Task instructions: In the listing below, the lines starting at the line with "Mice treated via" and ending at the line with "이용자들은 X에 불편을" are to be output verbatim. Images stay out of the copy.
#### Data for processing
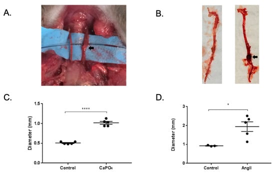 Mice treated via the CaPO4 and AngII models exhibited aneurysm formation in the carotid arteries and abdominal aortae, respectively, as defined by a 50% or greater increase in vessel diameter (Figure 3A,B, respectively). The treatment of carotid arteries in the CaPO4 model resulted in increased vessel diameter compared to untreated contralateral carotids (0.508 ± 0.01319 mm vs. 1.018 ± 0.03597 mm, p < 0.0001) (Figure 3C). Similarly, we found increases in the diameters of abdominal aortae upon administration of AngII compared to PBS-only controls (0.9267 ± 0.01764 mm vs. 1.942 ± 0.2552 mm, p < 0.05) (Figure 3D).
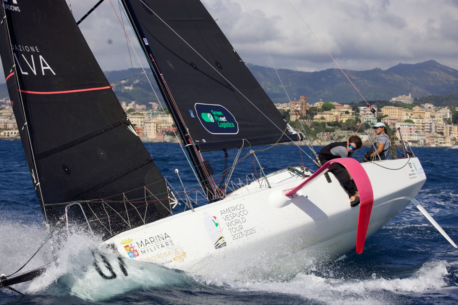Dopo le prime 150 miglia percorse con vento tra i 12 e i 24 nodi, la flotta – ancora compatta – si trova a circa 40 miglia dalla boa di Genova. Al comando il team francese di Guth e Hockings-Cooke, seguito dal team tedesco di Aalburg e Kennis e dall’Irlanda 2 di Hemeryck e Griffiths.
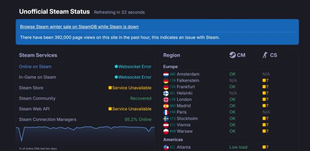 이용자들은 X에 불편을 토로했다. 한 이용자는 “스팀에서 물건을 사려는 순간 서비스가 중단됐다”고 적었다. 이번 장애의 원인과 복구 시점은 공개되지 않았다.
########
#### Data for processing
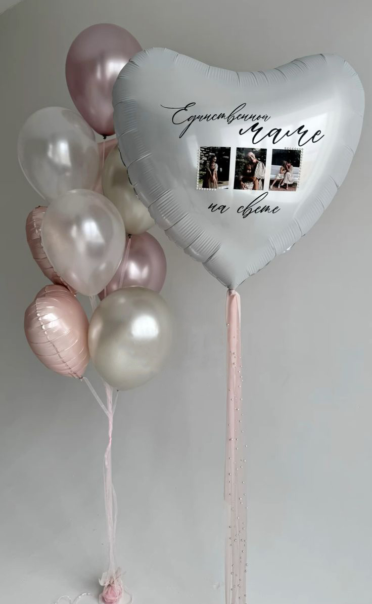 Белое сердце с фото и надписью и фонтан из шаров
########
#### Data for processing
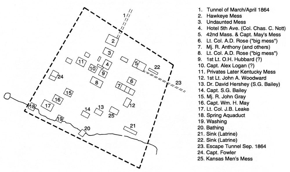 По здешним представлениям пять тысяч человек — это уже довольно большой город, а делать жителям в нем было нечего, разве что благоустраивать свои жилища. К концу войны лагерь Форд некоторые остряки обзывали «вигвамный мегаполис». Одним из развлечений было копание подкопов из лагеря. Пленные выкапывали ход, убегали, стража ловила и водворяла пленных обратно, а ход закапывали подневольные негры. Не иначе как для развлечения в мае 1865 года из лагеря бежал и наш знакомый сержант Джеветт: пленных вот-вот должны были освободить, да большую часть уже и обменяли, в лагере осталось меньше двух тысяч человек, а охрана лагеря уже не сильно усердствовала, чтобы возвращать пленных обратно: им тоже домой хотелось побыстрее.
########
Problem solution:
 Mice treated via the CaPO4 and AngII models exhibited aneurysm formation in the carotid arteries and abdominal aortae, respectively, as defined by a 50% or greater increase in vessel diameter (Figure 3A,B, respectively). The treatment of carotid arteries in the CaPO4 model resulted in increased vessel diameter compared to untreated contralateral carotids (0.508 ± 0.01319 mm vs. 1.018 ± 0.03597 mm, p < 0.0001) (Figure 3C). Similarly, we found increases in the diameters of abdominal aortae upon administration of AngII compared to PBS-only controls (0.9267 ± 0.01764 mm vs. 1.942 ± 0.2552 mm, p < 0.05) (Figure 3D).
Dopo le prime 150 miglia percorse con vento tra i 12 e i 24 nodi, la flotta – ancora compatta – si trova a circa 40 miglia dalla boa di Genova. Al comando il team francese di Guth e Hockings-Cooke, seguito dal team tedesco di Aalburg e Kennis e dall’Irlanda 2 di Hemeryck e Griffiths.
 이용자들은 X에 불편을 토로했다. 한 이용자는 “스팀에서 물건을 사려는 순간 서비스가 중단됐다”고 적었다. 이번 장애의 원인과 복구 시점은 공개되지 않았다.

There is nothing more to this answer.